Transracial Adoptive Parenting: Even ‘The Talk’ is affected

It’s been a long week, with more than the usual adoption issues to deal with and more than the expected number of stares and comments from strangers. I sat down on Tuesday to have the ‘Where Babies Come From,’ discussion with my three oldest kids and realized that even there I have to think through and pray over what I teach. We have always discussed the fact that some of our babies were carried in my body and some were placed into my arms after they were born. No problem, everyone in the family gets that one. Just like they understand the basic ideas of genetics and why we have so many different skin tones in the family.

This week we started in on the conception part of the discussion and I found myself stalled at the reality of what my teaching about abstinence might emotionally mean to my adopted children who were all conceived out of marriage. I actually had to stop the lesson because I realized that I needed to speak intentionally so that I didn’t give the wrong messages to my children about their births being a ‘mistake’ or a ‘problem’ while at the same time not endorsing premarital intimacy. When we adopted I never thought about how these basic things would affect our daily lives. Who thinks about pre-teen abstinence talks when adopting a baby or child? Not me! Thank you, God, for revealing these things to me slowly so I can catch up and have plenty of time to pray over them!

Very special adoptions: When race is only a small part of the equation.

Severely disabled, non-responsive, and unknown life expectancy. These are some of the technical words that define children many of my friends have adopted. These are the hard cold facts that fill the endless pages of their medical histories and that would have condemned them to limited lives in hospitals and other such institutions, except that God raised up families to claim them as a precious treasure. In these adoptions race is so far down the list of concerns that the social workers and adoptive parents almost become color blind. I won’t argue that this is right or wrong from a human perspective, but I will say “Thank You God!” for every severely disabled child He brings into a strong, loving, and faith-filled family.

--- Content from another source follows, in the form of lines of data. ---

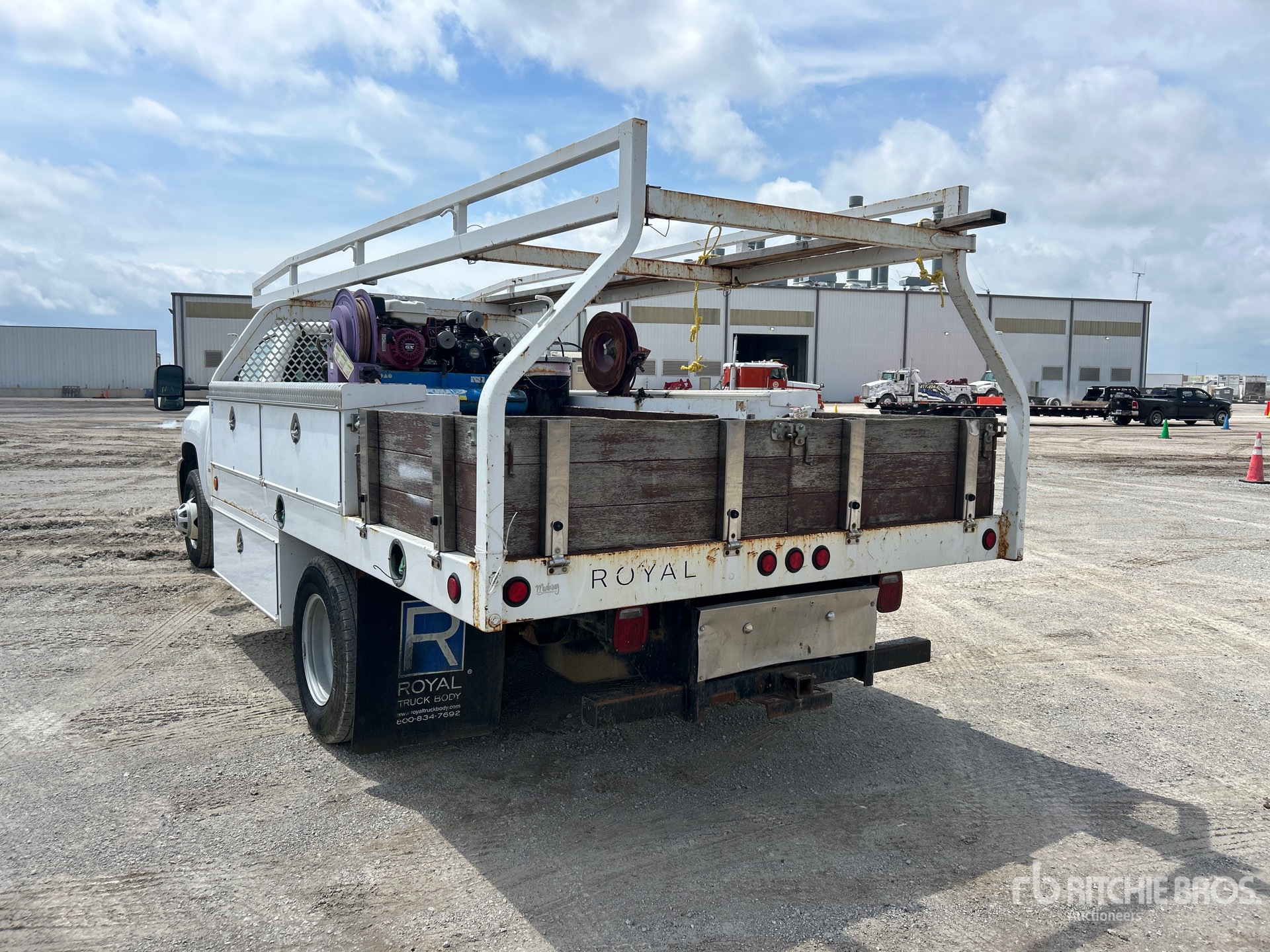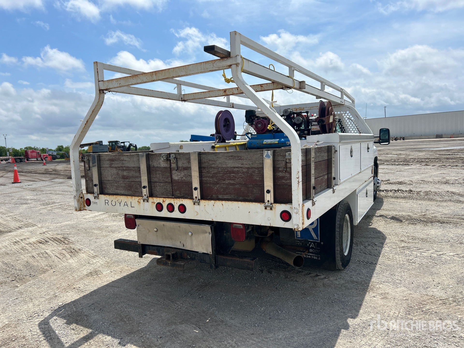General Motors V8 6.6 L Diesel Engine, Requires Diesel Exhaust Fluid, Automatic Transmission, 5600 lb Front Axle, 9750 lb Rears, 13200 lb GVWR, 235/80R17, Spring Suspension, 164 in Wheelbase, Royal truck body 12 ft Body, Puma Air Center Gasoline Air Compressor
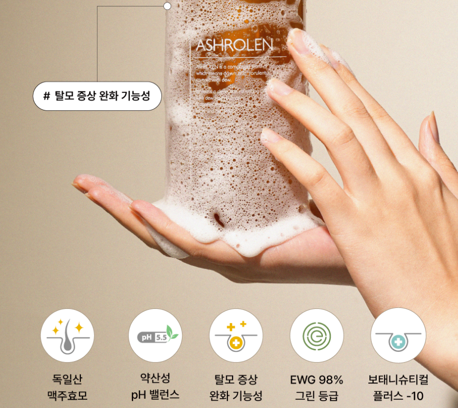 애쉬로렌 ASHROLEN Official Online mall, 맥주효모샴푸, 헤어샴푸, 헤어케어, 스킨케어
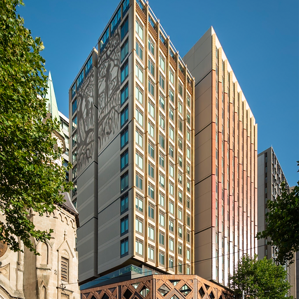 Aspects of this building were designed following consultation with local Gadigal Elders: Aunty Nadeena Dixon, Uncle Allan Madden and Uncle Charles ‘Chicka’ Madden. Aunty Nadeena is a practising weaver, and weaving patterns have been incorporated into the façade of this building.
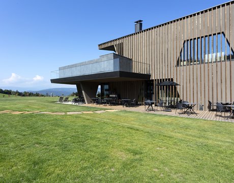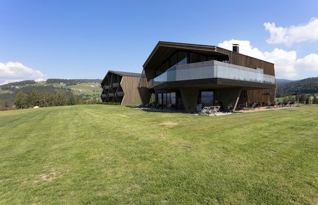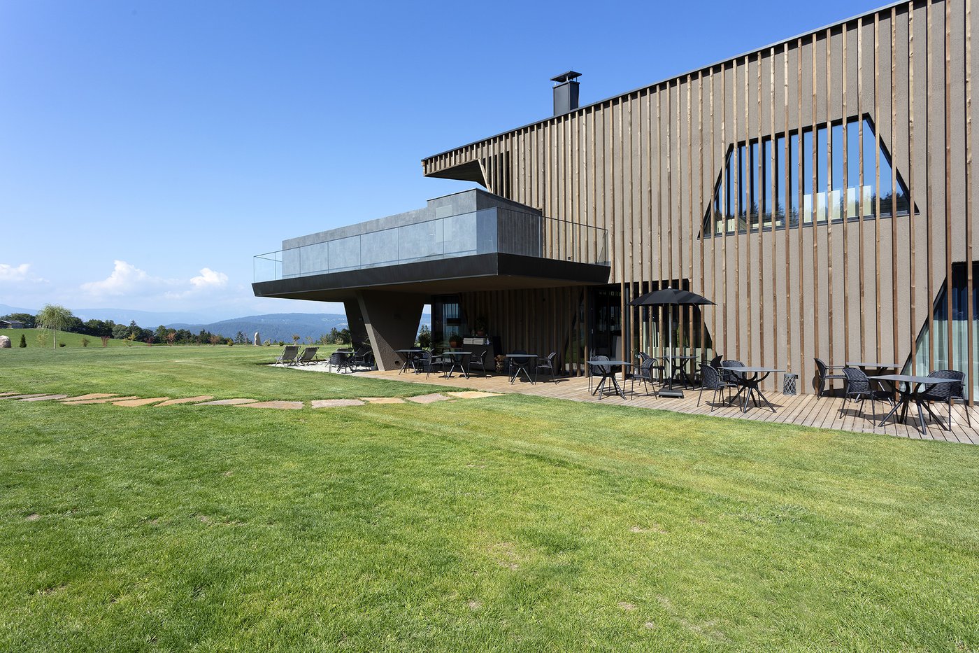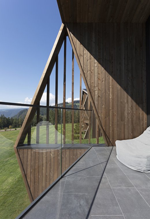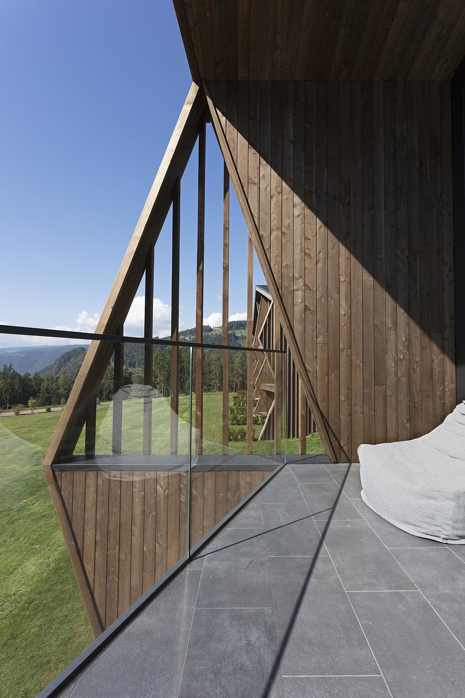 L’architettura esterna in legno presenta volumi ultramoderni e ampie vetrate, che lasciano entrare la luce e donano una vista semplicemente unica alle 15 suites private, alla piscina panoramica e alla Luxury Spa.

Yesterday, there was a funeral celebrating one of these fragile treasures. He lived a full life, though he was blind and limited in almost every way. For two years he was the treasured youngest child in my friend’s home, and he bound us closer to each other and brought us more often to God in prayer. I am sobered as an adoptive mom who gets tired of the daily grind created by my small children when I spend time loving these treasures that my friends have received. What if I knew that there was no healing after the 24/7 crisis care a sick child requires? What if I knew that I had to pour myself out beyond anything I could imagine because this may be the last day I have to hold this child? And what do I need to change in my own life and heart to have that savoring of every hour, every minute and every breath my children draw? Lord – I long to live like that, I long to live so present in this moment that no hour is ever lost to unnecessary things and no person is overlooked.